## PROVIDED RECORDS:
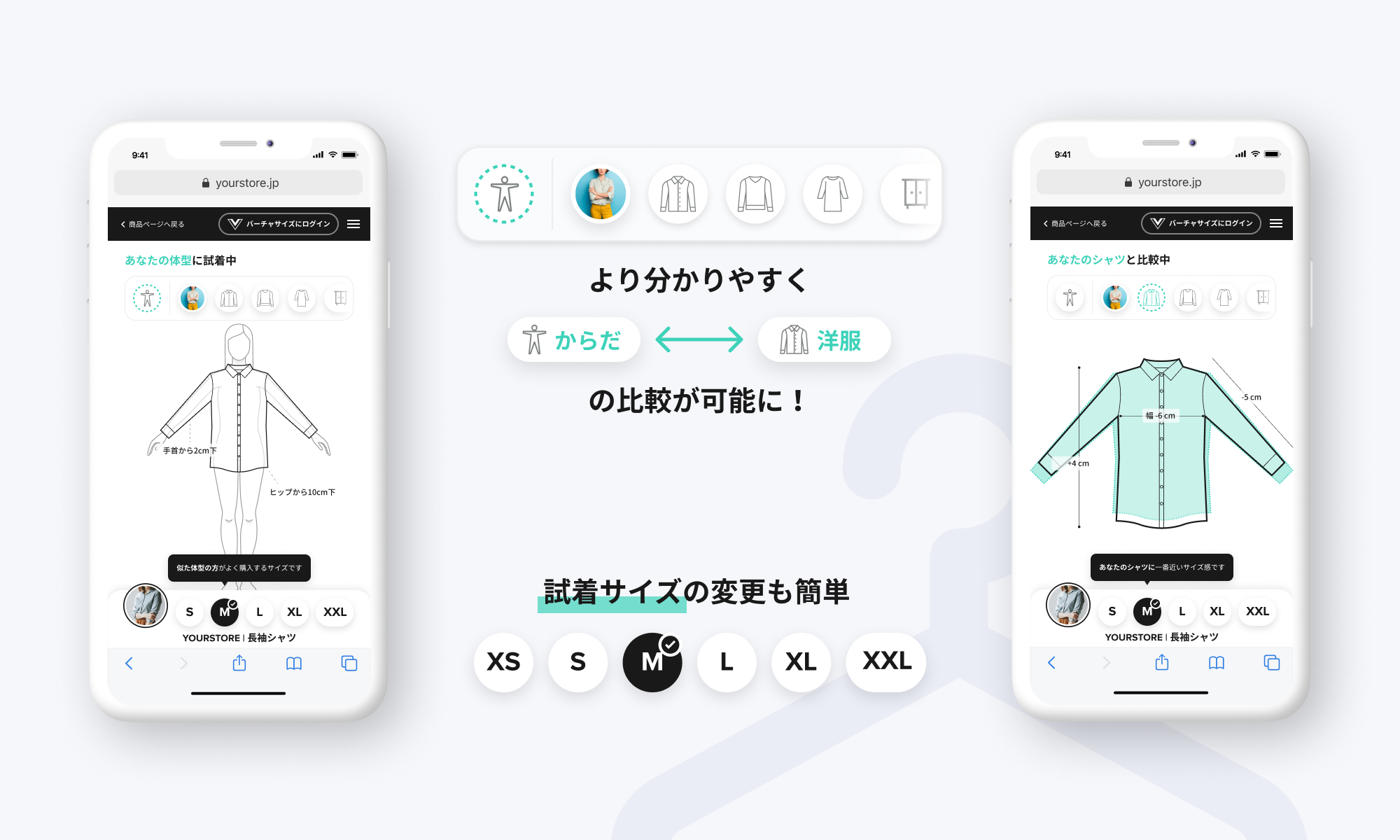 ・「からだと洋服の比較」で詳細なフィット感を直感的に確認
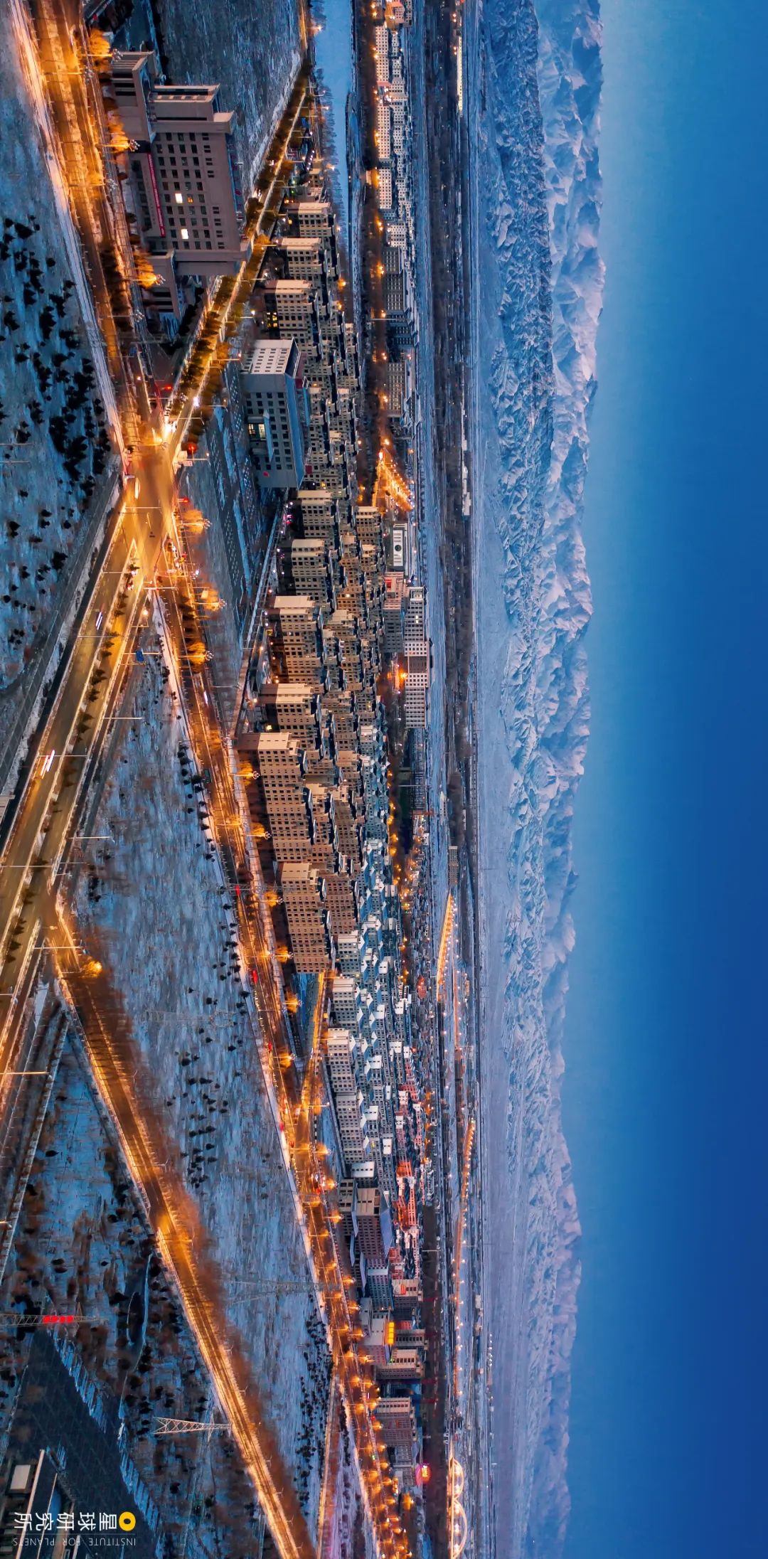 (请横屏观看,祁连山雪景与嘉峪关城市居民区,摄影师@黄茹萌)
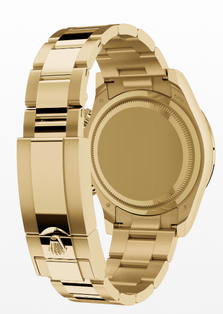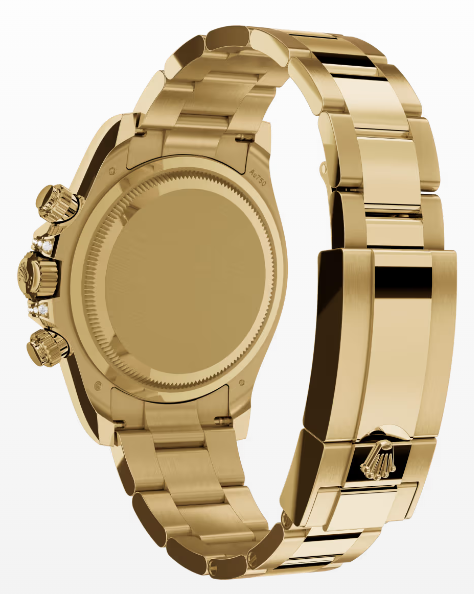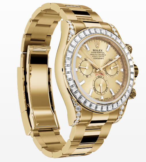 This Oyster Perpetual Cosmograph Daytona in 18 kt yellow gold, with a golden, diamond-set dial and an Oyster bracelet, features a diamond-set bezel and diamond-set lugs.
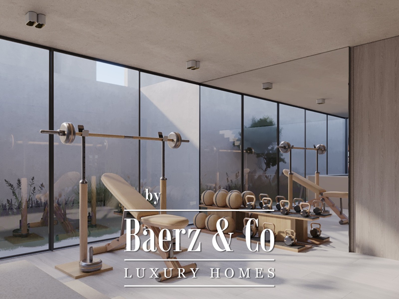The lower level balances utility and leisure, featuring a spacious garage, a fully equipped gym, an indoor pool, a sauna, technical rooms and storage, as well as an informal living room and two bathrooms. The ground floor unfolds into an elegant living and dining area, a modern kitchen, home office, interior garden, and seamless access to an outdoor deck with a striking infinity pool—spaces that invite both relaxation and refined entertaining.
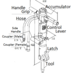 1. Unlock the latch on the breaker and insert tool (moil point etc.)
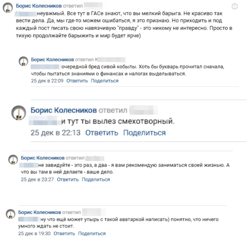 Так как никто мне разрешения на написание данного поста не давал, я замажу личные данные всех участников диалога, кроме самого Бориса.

## EXERCISE:
In the records above, take every line from the opening one through the line with "This Oyster Perpetual" and repeat it exactly; pictures are not part of the copy.

## YOUR RESPONSE:
 ・「からだと洋服の比較」で詳細なフィット感を直感的に確認
 (请横屏观看,祁连山雪景与嘉峪关城市居民区,摄影师@黄茹萌)
 This Oyster Perpetual Cosmograph Daytona in 18 kt yellow gold, with a golden, diamond-set dial and an Oyster bracelet, features a diamond-set bezel and diamond-set lugs.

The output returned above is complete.